Action item - Reproduce the records below in full and without edits, omitting images.
________
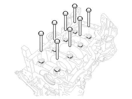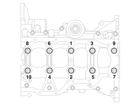 Всегда используйте новые болты крышек коренных подшипников коленчатого вала.
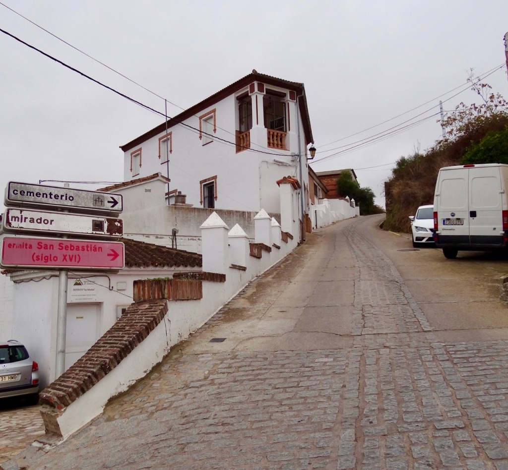 Sekoilu kuitenkin vain paransi vierailuamme. Pysähdyimme kadun varrelle parkkiin, katselimme alas kylään ja näimme, että vieressä olevan kadun kyltti ohjasi San Sebastianin Ermitaan, hautausmaalle ja Miradorille. Sinnepä siis. Jyrkkään ylämäkeen. Navigaattorimme hermostui: ”Tee U-käännös heti, kun mahdollista!”
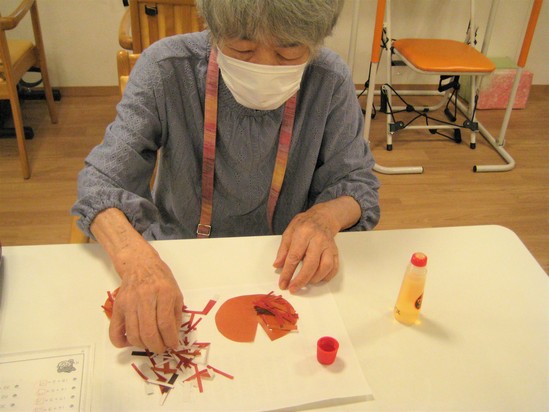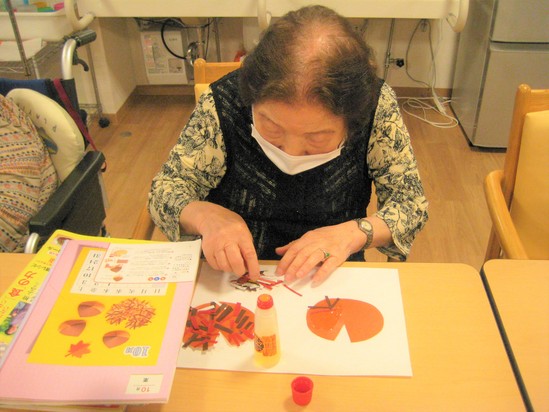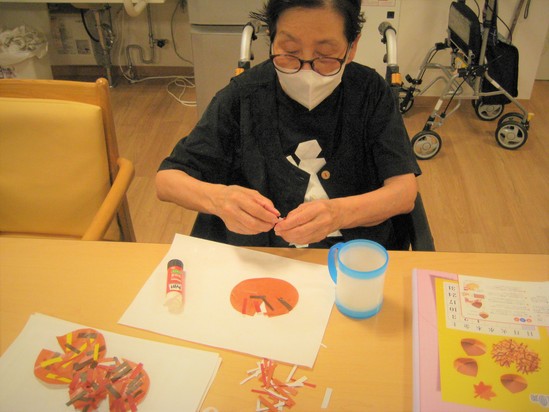 利用者様と栗のイガを制作しました
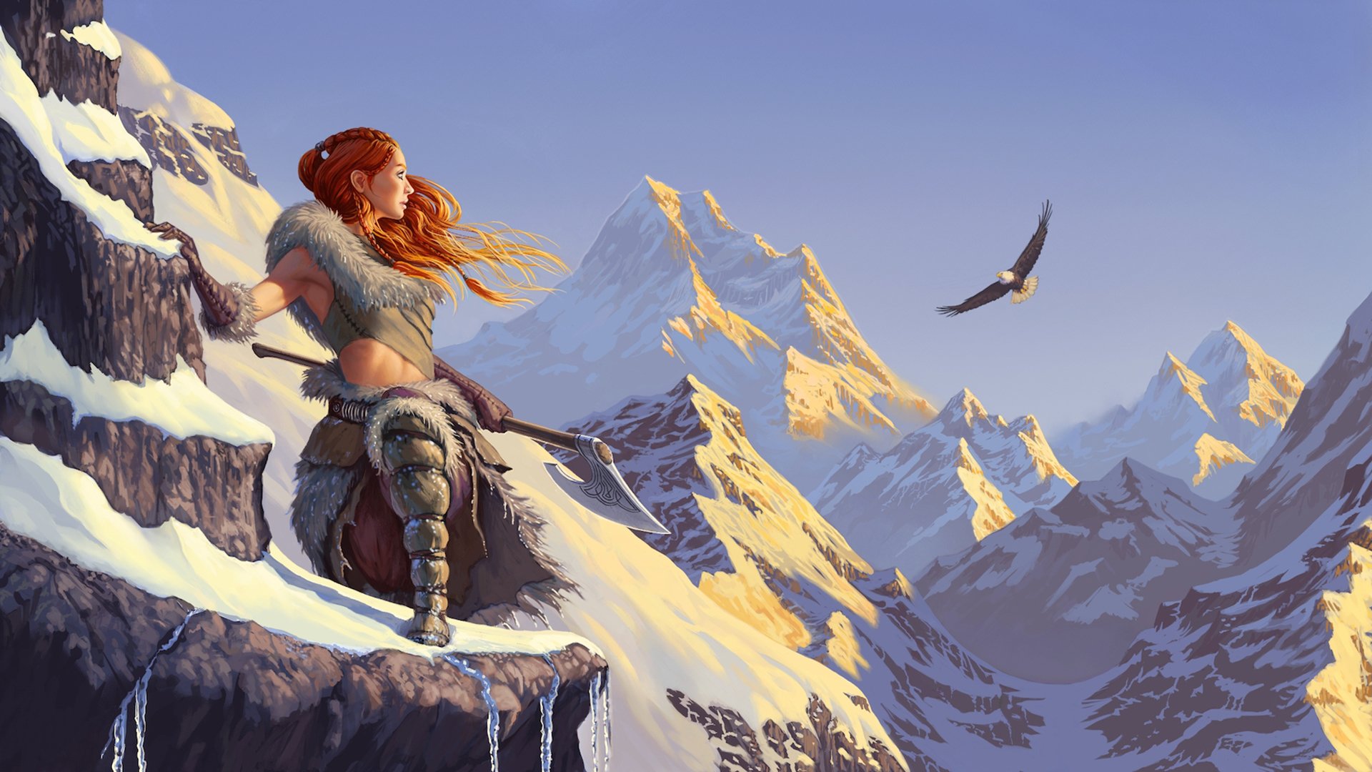 Red-haired girl with an axe in the snowy mountainsRed-haired girl with an axe in the snowy mountains
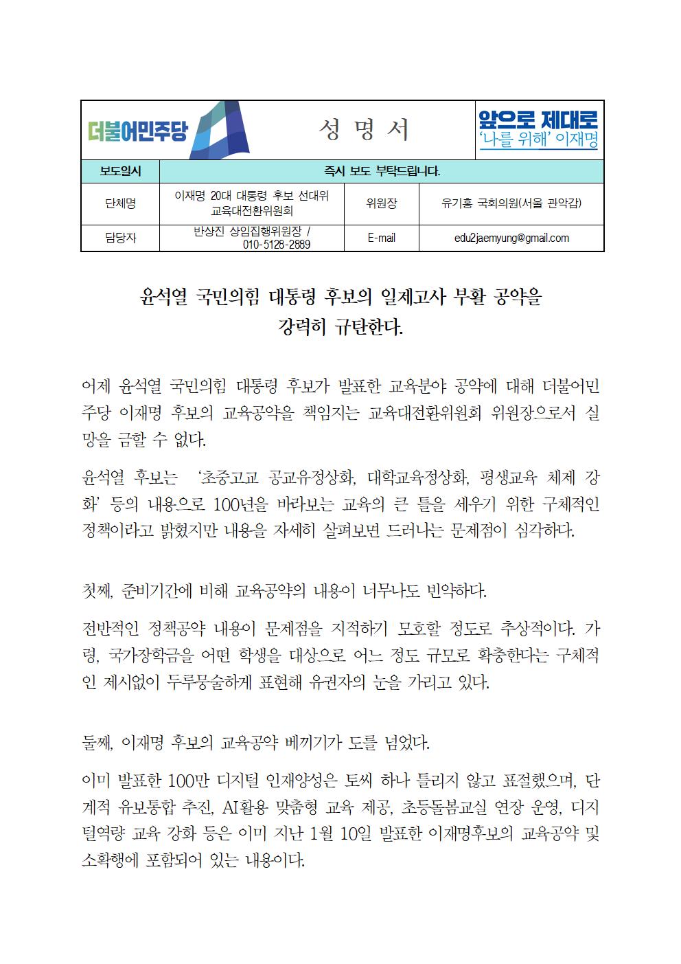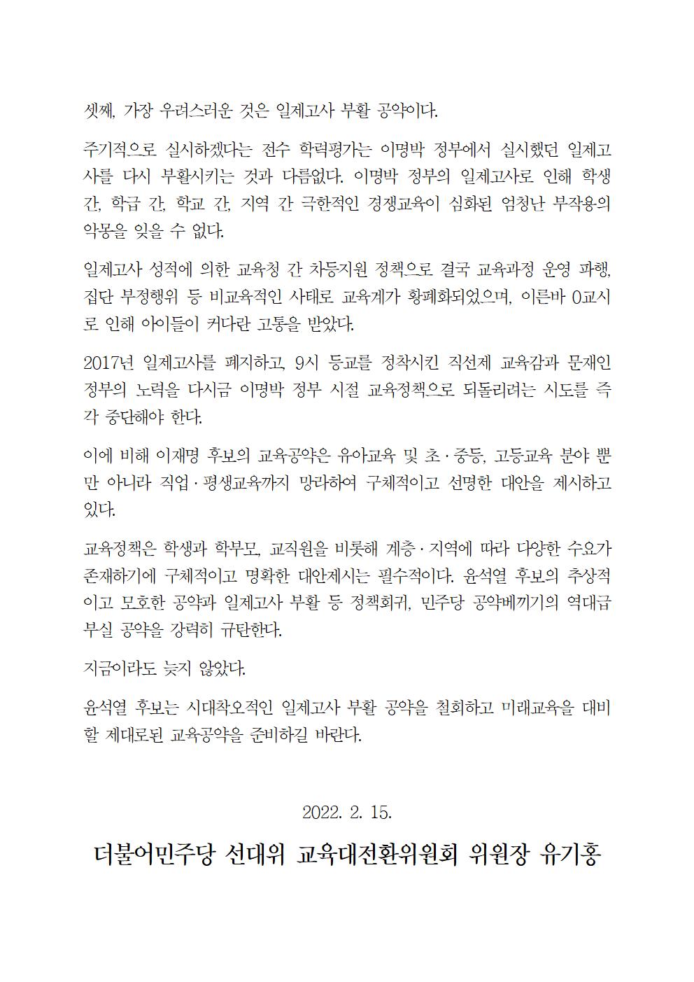 [성명서] 더불어민주당 선대위 교육대전환위원회 윤석열 국민의힘 대통령 후보 일제고사 부활 공약을 강력 규탄한다
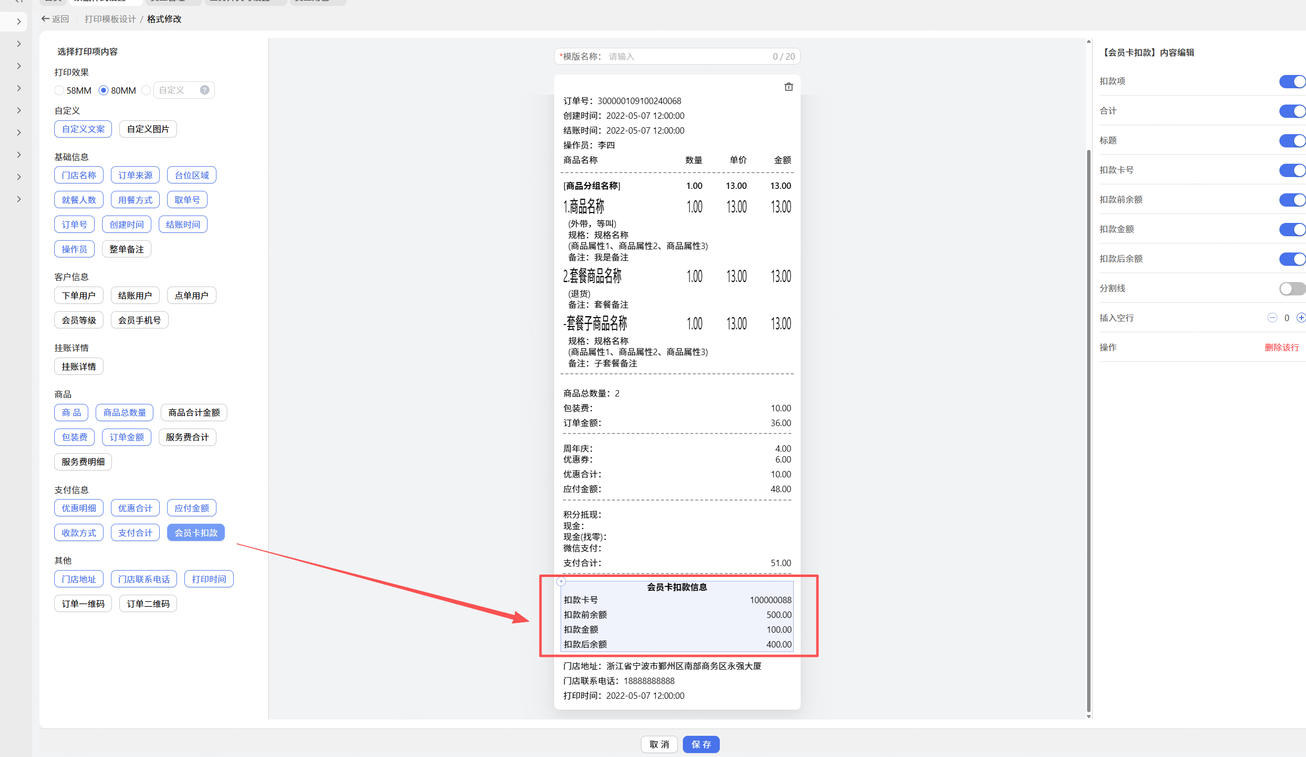 【全POS】堂食结账单支持打印零售储值卡相关信息
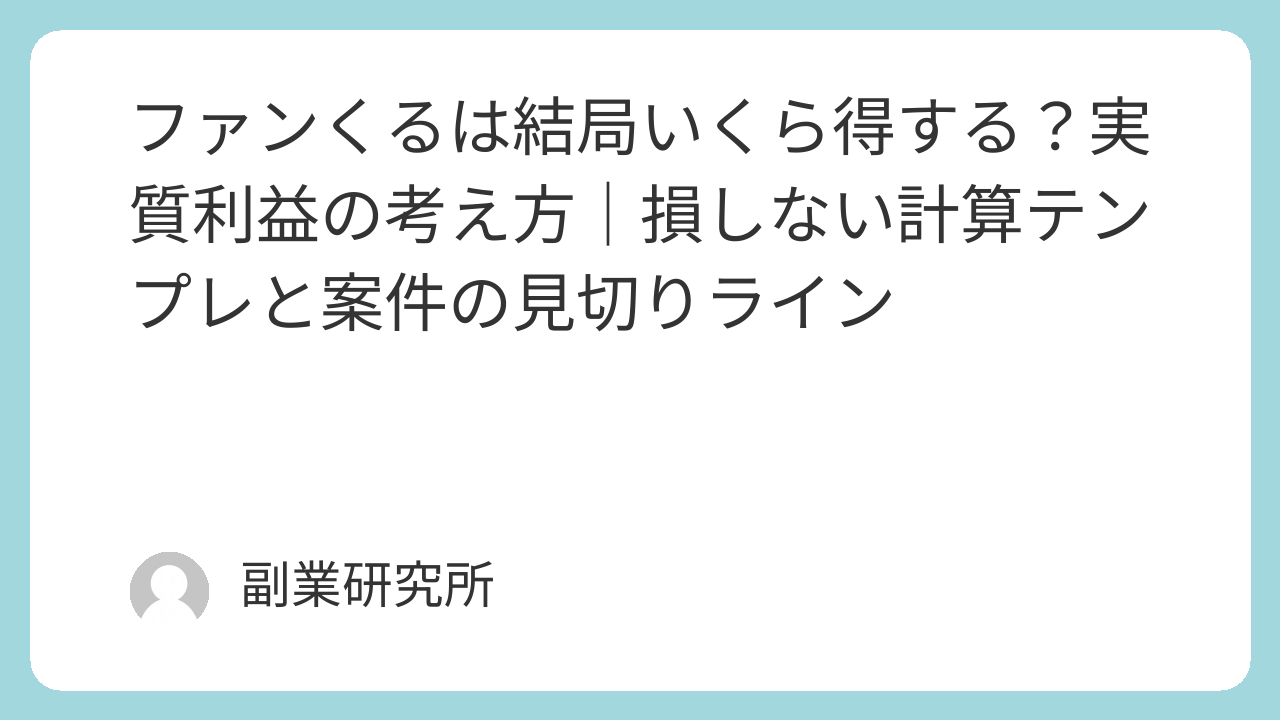 【ファンくる案件メモ】 自腹:¥ 戻る分:¥ 交通費:¥ 時間: 分(移動+滞在+提出) 実質利益=戻る分-自腹-交通費=¥ 実質時給=実質利益÷時間=¥/h 判断:やる/捨て
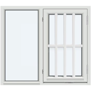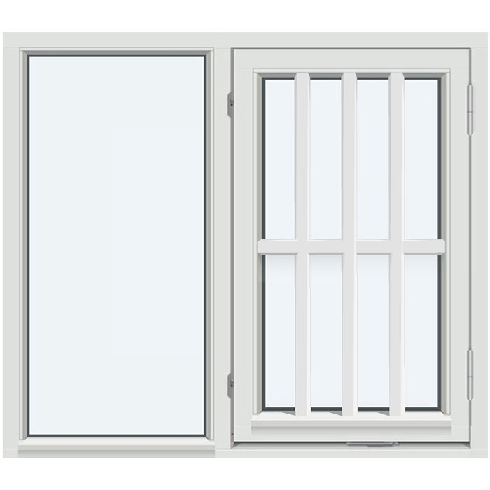 Sidehengslet/Fastkarm 1:1 med 1 vannrett og 3 loddrette sprosser er et kombinasjonsvindu som gir en pen balanse mellom store glassflater og tydelig ruteinndeling. Den sidehengslede rammen gjør det lett å åpne vinduet helt for gjennomlufting, mens fastkarmen sørger for maksimal stabilitet og lysinnslipp. Fire ruter i høyden gir et rolig og moderne uttrykk som passer godt på fasader med rene linjer, samtidig som sprossene skaper dybde og liv i glassflaten.
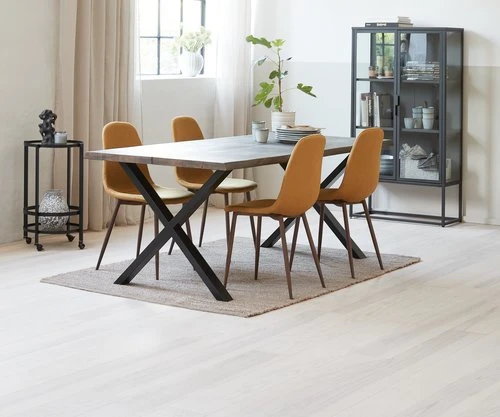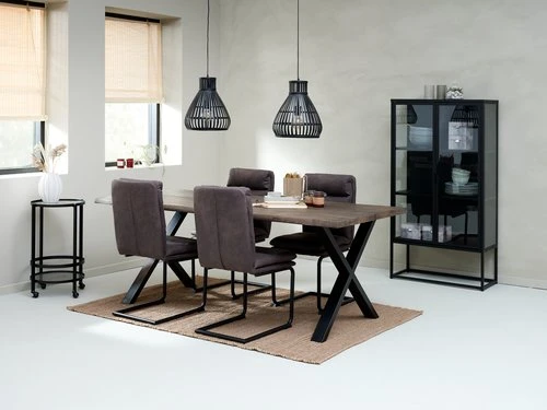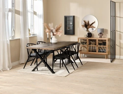 En chêne massif et acier. Huilée. Excl. rallonges. l95 x L200 x H75 cm
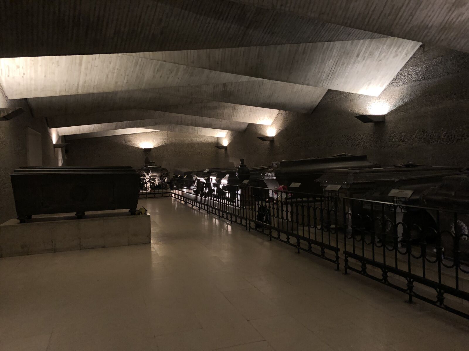 間違えて教会の入口を入ると,ちょうどミサの最中でした。その荘厳な雰囲気は私のようなキリスト教の信者でないものが入ることを許されない雰囲気がしました。皇帝納骨堂への入口はその右手の建物でした。入場料を払って地下に降りて,私は驚きました。地下の巨大な空間には,延々と柩が横たわっていました。そのなかのひときわ巨大で豪華な柩はマリア・テレジアとその夫フランツ・シュテファンのものです。そして,さらに進んだ部屋に3体並んでいたのがフランツ・ヨーゼフ,エリーザベト,ルドルフの柩でした。さらに,出口近くには近ごろ収められた柩がありました。
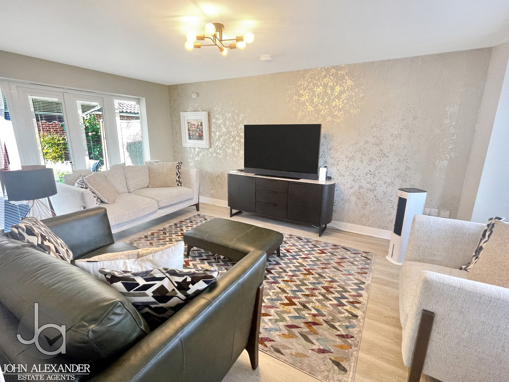 We are delighted to offer this show home presented Four bedroom detached family house located in a desirable position benefiting from landscaped gardens with detached garage and driveway to the rear.
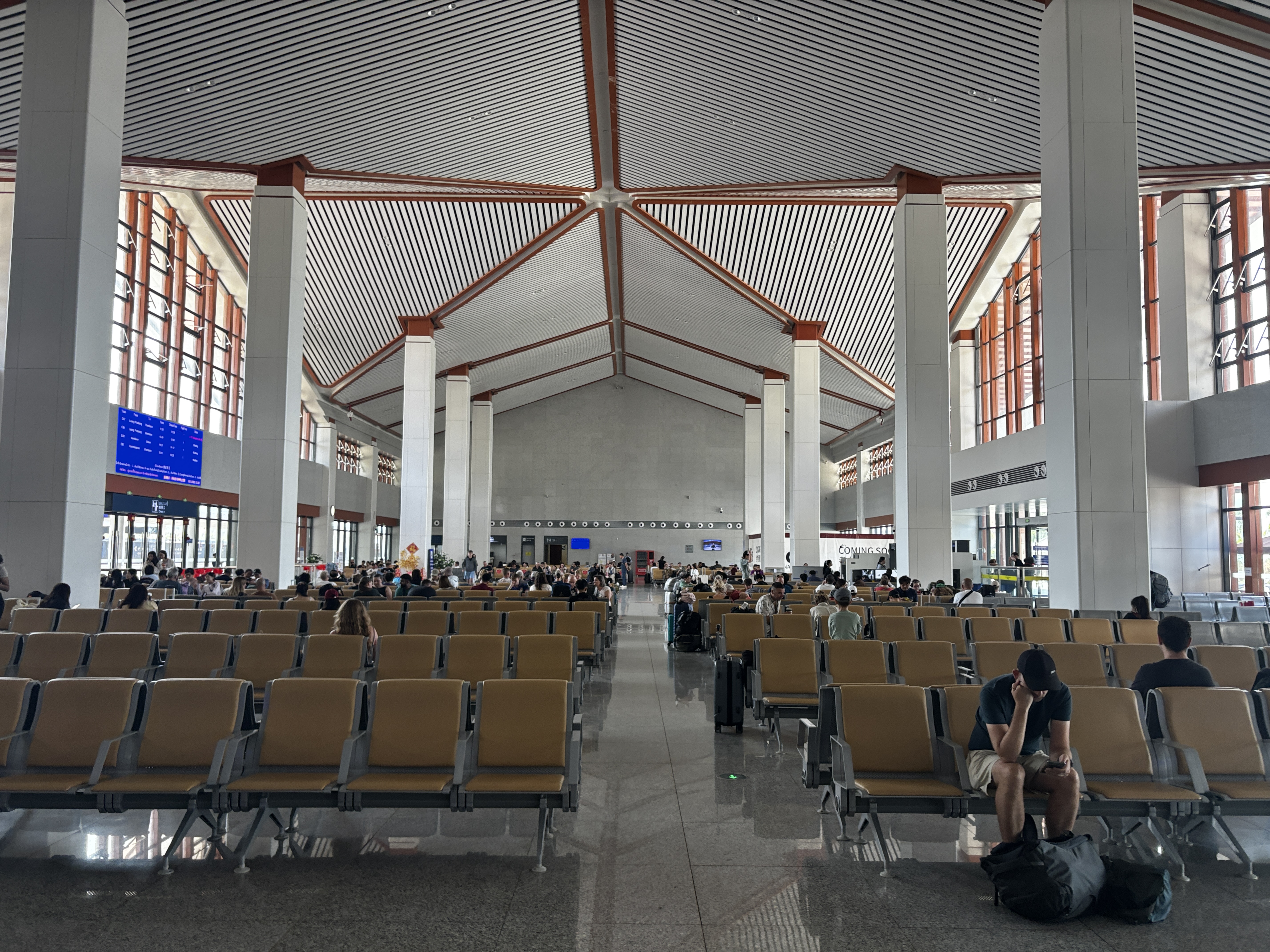 La gare de Vientiane se découvre dans une moiteur collante. Les tuk-tuks patientent sous l’auvent des kiosque et dans la brume d’essence et de voix mêlées. Sur la route, l’horizon s’ouvre sur des avenues d’autant plus vastes qu’elles sont presque vides – disproportionnées, peut-être ; plus sûrement creusées suivant des logiques contre-insurrectionnelles : impossibles d’y établir des barricades –, suspendues dans l’entre-deux jour où rien ne presse. Au détour d’un carrefour s’impose le Patuxai, bloc de béton levé vers le ciel. Construit avec du ciment fourni par les Américains pour un aéroport jamais réalisé, il reste inachevé. Aujourd’hui, il se dresse, massif, rongé par le vent.
________
Task result -
 Всегда используйте новые болты крышек коренных подшипников коленчатого вала.
 Sekoilu kuitenkin vain paransi vierailuamme. Pysähdyimme kadun varrelle parkkiin, katselimme alas kylään ja näimme, että vieressä olevan kadun kyltti ohjasi San Sebastianin Ermitaan, hautausmaalle ja Miradorille. Sinnepä siis. Jyrkkään ylämäkeen. Navigaattorimme hermostui: ”Tee U-käännös heti, kun mahdollista!”
 利用者様と栗のイガを制作しました
 Red-haired girl with an axe in the snowy mountainsRed-haired girl with an axe in the snowy mountains
 [성명서] 더불어민주당 선대위 교육대전환위원회 윤석열 국민의힘 대통령 후보 일제고사 부활 공약을 강력 규탄한다
 【全POS】堂食结账单支持打印零售储值卡相关信息
 【ファンくる案件メモ】 自腹:¥ 戻る分:¥ 交通費:¥ 時間: 分(移動+滞在+提出) 実質利益=戻る分-自腹-交通費=¥ 実質時給=実質利益÷時間=¥/h 判断:やる/捨て
 Sidehengslet/Fastkarm 1:1 med 1 vannrett og 3 loddrette sprosser er et kombinasjonsvindu som gir en pen balanse mellom store glassflater og tydelig ruteinndeling. Den sidehengslede rammen gjør det lett å åpne vinduet helt for gjennomlufting, mens fastkarmen sørger for maksimal stabilitet og lysinnslipp. Fire ruter i høyden gir et rolig og moderne uttrykk som passer godt på fasader med rene linjer, samtidig som sprossene skaper dybde og liv i glassflaten.
 En chêne massif et acier. Huilée. Excl. rallonges. l95 x L200 x H75 cm
 間違えて教会の入口を入ると,ちょうどミサの最中でした。その荘厳な雰囲気は私のようなキリスト教の信者でないものが入ることを許されない雰囲気がしました。皇帝納骨堂への入口はその右手の建物でした。入場料を払って地下に降りて,私は驚きました。地下の巨大な空間には,延々と柩が横たわっていました。そのなかのひときわ巨大で豪華な柩はマリア・テレジアとその夫フランツ・シュテファンのものです。そして,さらに進んだ部屋に3体並んでいたのがフランツ・ヨーゼフ,エリーザベト,ルドルフの柩でした。さらに,出口近くには近ごろ収められた柩がありました。
 We are delighted to offer this show home presented Four bedroom detached family house located in a desirable position benefiting from landscaped gardens with detached garage and driveway to the rear.
 La gare de Vientiane se découvre dans une moiteur collante. Les tuk-tuks patientent sous l’auvent des kiosque et dans la brume d’essence et de voix mêlées. Sur la route, l’horizon s’ouvre sur des avenues d’autant plus vastes qu’elles sont presque vides – disproportionnées, peut-être ; plus sûrement creusées suivant des logiques contre-insurrectionnelles : impossibles d’y établir des barricades –, suspendues dans l’entre-deux jour où rien ne presse. Au détour d’un carrefour s’impose le Patuxai, bloc de béton levé vers le ciel. Construit avec du ciment fourni par les Américains pour un aéroport jamais réalisé, il reste inachevé. Aujourd’hui, il se dresse, massif, rongé par le vent.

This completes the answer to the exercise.